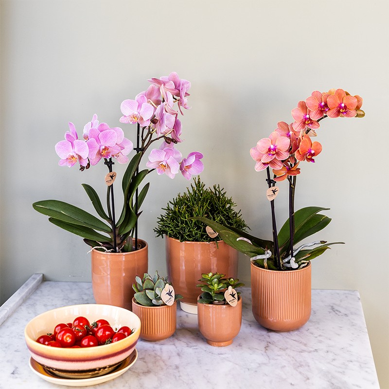• Meet the Treviso orchid, with its rare and elegant dusty pink blooms. Treviso is part of our Jewel family – did you know this collection only includes orchids with unique and exceptional flower colors? The warm pink shade makes this orchid a true eye-catcher in any interior. This orchid comes in a 9 cm pot and grows 2 to 3 stems. With a height of approximately 35 to 45 cm, it's perfect for styling on a coffee table, kitchen counter, or side table. The Phalaenopsis Treviso pairs beautifully with white, nude, or pink decorative pots (9 cm pot size), adding a graceful and elegant touch to your home. Looking for a larger Treviso? We also offer it in a 12 cm pot size. The orchid comes with 2 or 3 sturdy stems, depending on current availability. As we work with living products, slight variations in the number of stems or flowers may occur.
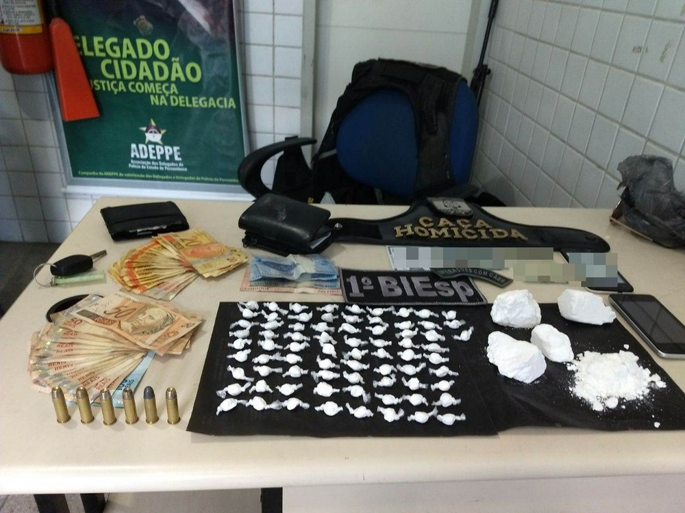 Droga e dinheiro apreendidos com a dupla suspeita de tráfico foram levados para a delegacia (Foto: Polícia Militar/Divulgação)
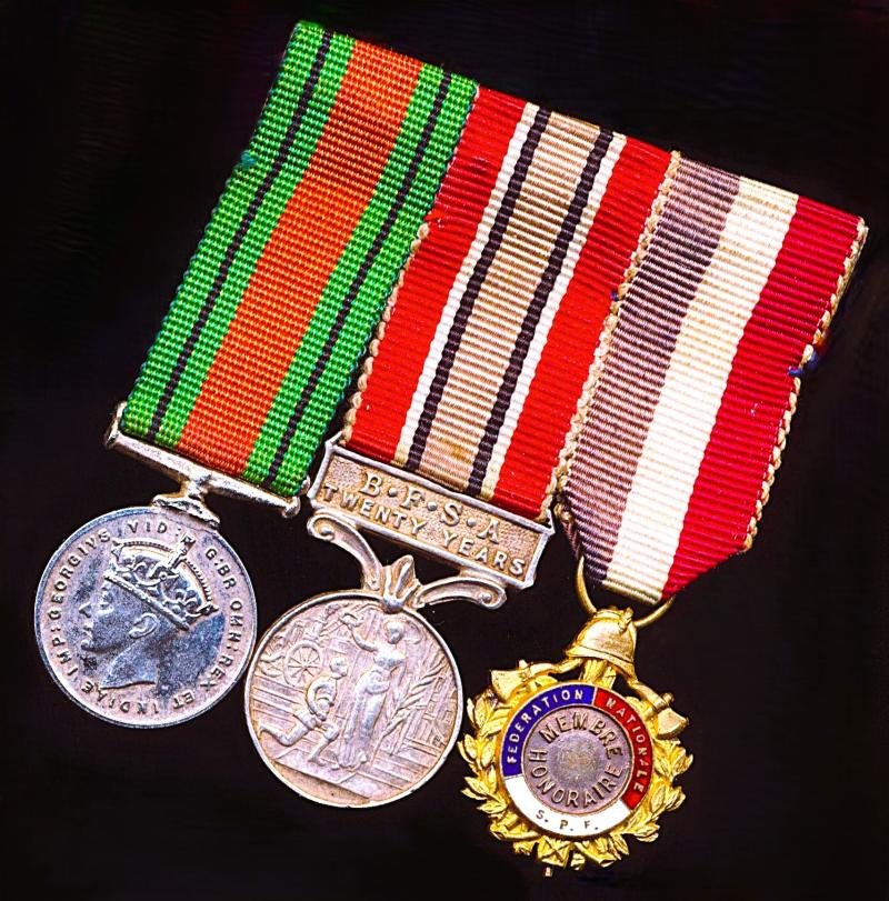 - War Medal (1939-45). Mounted on Defence Medal riband- British Fire Service Association: Silver issue with 'Twenty Years' suspension bar- France: La Federation Nationale des Sapeurs-Pompiers Honorary Medal. Gilt & enamelLa Fédération nationale des sapeurs-pompiers de France (FNSPF), was established in 1901The medals mounted as-worn in the swing style. The silk ribands suspended from a contemporary white metal mounting bar, which latter retains its long hinged pin & clasp fittingsCondition: GVF
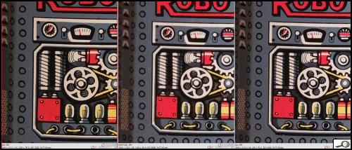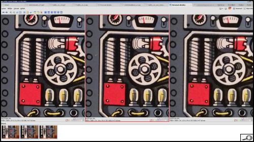 Vyšší hodnoty ISO vyžadují menší rozlišení, přístroj se o to postará sám. Na ukázce jsou tři varianty. Vlevo je výsledek sejmutí a splynutí série fotek (nastavuje se to v režimu ADV, tedy „advanced“), uprostřed běžné nastavení a vpravo EXR režim – vysoké ISO a nízký šum. Tento režim je zřetelně nejlepší v této ukázce, ale hopla, je to 1600 ISO, kdežto konkurenti jsou 5000 ISO. Opravdu si myslím, že EXR je výborný v tom nominálním nastavení, kdy inteligentně volí nastavení podle situace.
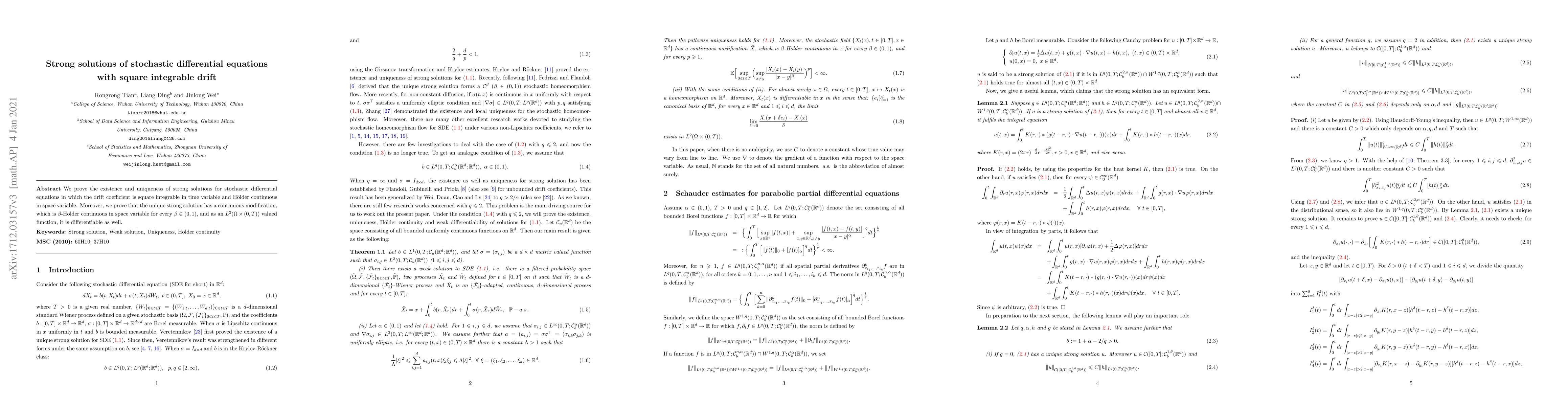 Summary: The paper establishes the existence and uniqueness of strong solutions for stochastic differential equations with square integrable drift and Hölder continuous coefficients. It also demonstrates that these solutions are continuous and differentiable, possessing $\beta$-Hölder continuity for $\beta \in (0,1)$.
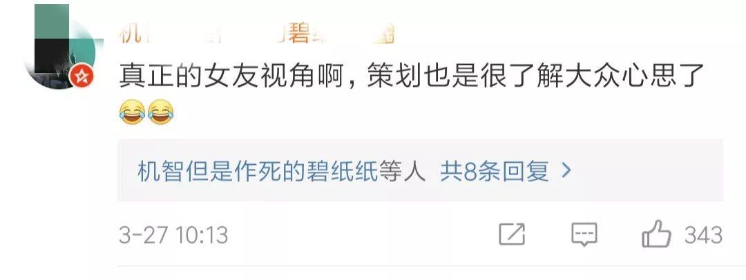 广告在抖森的微博账号发布后,这一女友视角的拍摄手法,赢得了大量粉丝的点赞。
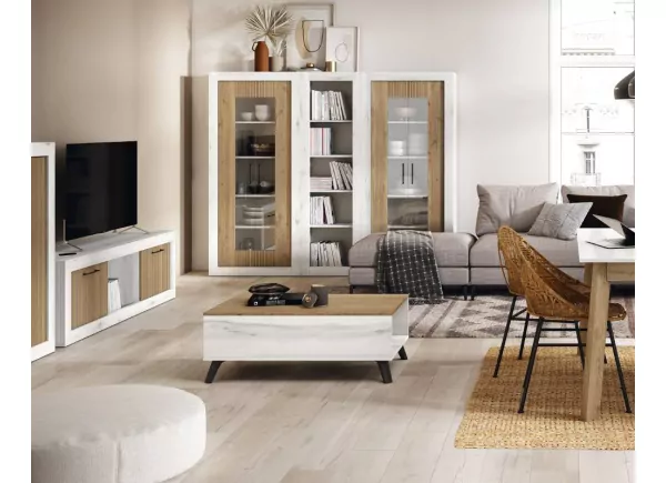 Aparador de salón en color blanco albo combinado con color naturale y rayado.
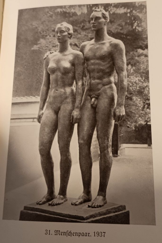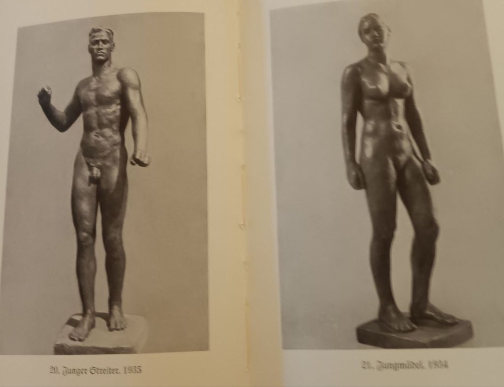 However, by the 1930s there is a severe change in the figures. According to Wikipedia, the young Kolbe was fascinated by Asiatic faces and body forms, siuch as wonderful 1911 Japanese Crouching Woman amongst the Wikipedia examples. The thin evidence I see in the book suggests that the human form was admired for its diversities of being and acculturated expression, that as it were, transformed simple and conventional notions of being. However, this is not so in the figure below, who deviates not all from idealised Aryan type that the Nazis encouraged as the form of patriarchal Germanic nationhood and imperial dominance. Hitler became Chancellor in 1933. His grip on the art establishment changed the nature of commissions, and though some say Kolbe refused to sculpt Hitler himself he dis produce a figure of Mussolini which Hitler accepted as a gift.
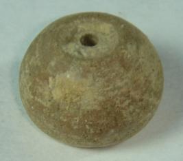 | Description / विवरण | Perforated terracotta bead, betel nut in shape with flat tip and mild carination at the body. |
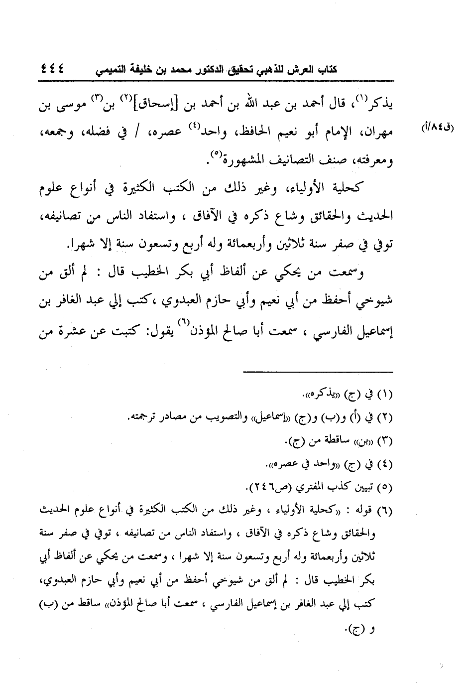 6 قوله: "كحلية الأولياء، وغير ذلك من الكتب الكثيرة في أنواع علوم الحديث والحقائق وشاع ذكره في الآفاق، واستفاد الناس من تصانيفه، توفي في صفر سنة ثلاثين وأربعمائة وله أربع وتسعون سنة إلا شهرا، وسمعت من يحكي عن ألفاظ أبي بكر الخطيب قال: لم ألق من شيوخي أحفظ من أبي نعيم وأبي حازم العبدوي، كتب إلي عبد الغافر بن إسماعيل الفارسي، سمعت أبا صالح المؤذن" ساقط من (ب) و (ج) .
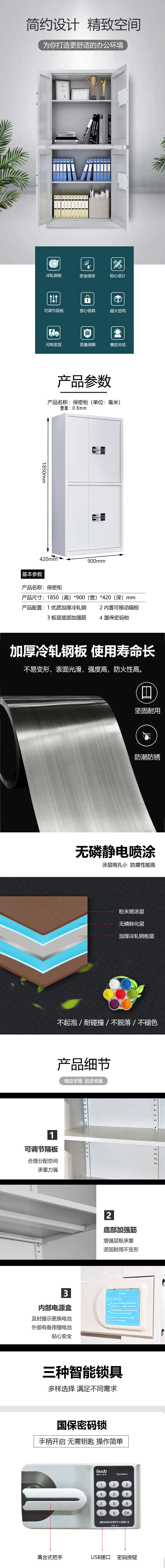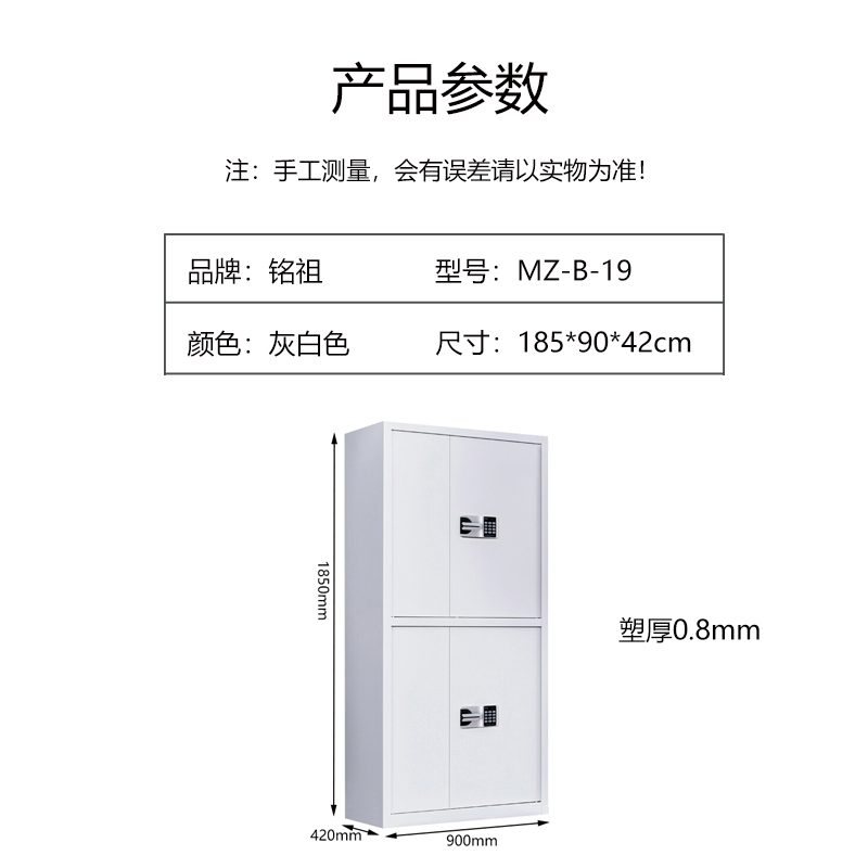 商品标题:铭祖MZ-B-19储物柜电子保密柜密码柜档案柜资料柜钢制办公柜保密文件柜铁皮柜带锁通双节无抽国宝锁 灰白色185*90*42cm(台)塑厚0.8mm
★ ★ ★ ★ ★
* What is being asked *
From the material above, give again exactly the lines from the one that contains "Droga e dinheiro" through the one that contains "Aparador de salón", and leave out the pictures.

* Written solution *
 Droga e dinheiro apreendidos com a dupla suspeita de tráfico foram levados para a delegacia (Foto: Polícia Militar/Divulgação)
 - War Medal (1939-45). Mounted on Defence Medal riband- British Fire Service Association: Silver issue with 'Twenty Years' suspension bar- France: La Federation Nationale des Sapeurs-Pompiers Honorary Medal. Gilt & enamelLa Fédération nationale des sapeurs-pompiers de France (FNSPF), was established in 1901The medals mounted as-worn in the swing style. The silk ribands suspended from a contemporary white metal mounting bar, which latter retains its long hinged pin & clasp fittingsCondition: GVF
 Vyšší hodnoty ISO vyžadují menší rozlišení, přístroj se o to postará sám. Na ukázce jsou tři varianty. Vlevo je výsledek sejmutí a splynutí série fotek (nastavuje se to v režimu ADV, tedy „advanced“), uprostřed běžné nastavení a vpravo EXR režim – vysoké ISO a nízký šum. Tento režim je zřetelně nejlepší v této ukázce, ale hopla, je to 1600 ISO, kdežto konkurenti jsou 5000 ISO. Opravdu si myslím, že EXR je výborný v tom nominálním nastavení, kdy inteligentně volí nastavení podle situace.
 Summary: The paper establishes the existence and uniqueness of strong solutions for stochastic differential equations with square integrable drift and Hölder continuous coefficients. It also demonstrates that these solutions are continuous and differentiable, possessing $\beta$-Hölder continuity for $\beta \in (0,1)$.
 广告在抖森的微博账号发布后,这一女友视角的拍摄手法,赢得了大量粉丝的点赞。
 Aparador de salón en color blanco albo combinado con color naturale y rayado.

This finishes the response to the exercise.